La question des violences faites aux femmes s'impose dès l'ouverture du conseil municipal

Dès l'installation du premier conseil municipal, le sujet des violences faites aux femmes s'est imposé avec force. Un signal particulièrement fort qui intervient alors que d'anciennes élues rochelaises témoignent publiquement d'un sexisme systémique persistant dans les assemblées politiques locales.

Une intervention remarquée lors de l'élection du maire

Ce samedi 28 mars, lors de l'élection d'Olivier Falorni à la mairie de La Rochelle, une intervention inattendue a marqué les esprits. Léa Crestois, membre du groupe de l'Union de la gauche et âgée de 28 ans, s'est adressée directement aux femmes du conseil municipal : « Je souhaite m'adresser directement aux femmes de ce conseil : au-delà de nos appartenances politiques, je crois essentiel que nous puissions nous soutenir.
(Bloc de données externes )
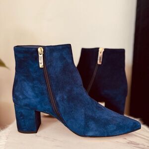 L'AGENCE Jeanne Block Heel Suede Velvet Bootie, Size 8 (Euro 38), Blue, NWT
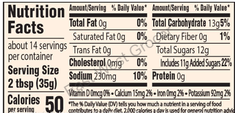 Calories: 50 kcal per serving (2 Tbsp / 35 g)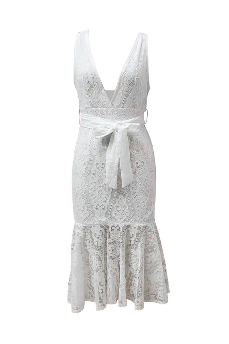 Sexy Urlaub Solide Spitze Mit Schleife V-Ausschnitt Trompete Meerjungfrau Kleider

Ma main vous sera toujours tendue, et votre parole trouvera toujours un écho ».

Dans un discours court mais percutant, cette nouvelle figure féministe du conseil a rappelé que « la vie politique est largement structurée par des codes masculins » et que « les élus ont une responsabilité collective pour faire évoluer ces pratiques et construire un cadre plus égalitaire et plus sûr ». Son intervention a mis en lumière les violences sexistes et sexuelles qui touchent particulièrement les femmes en politique.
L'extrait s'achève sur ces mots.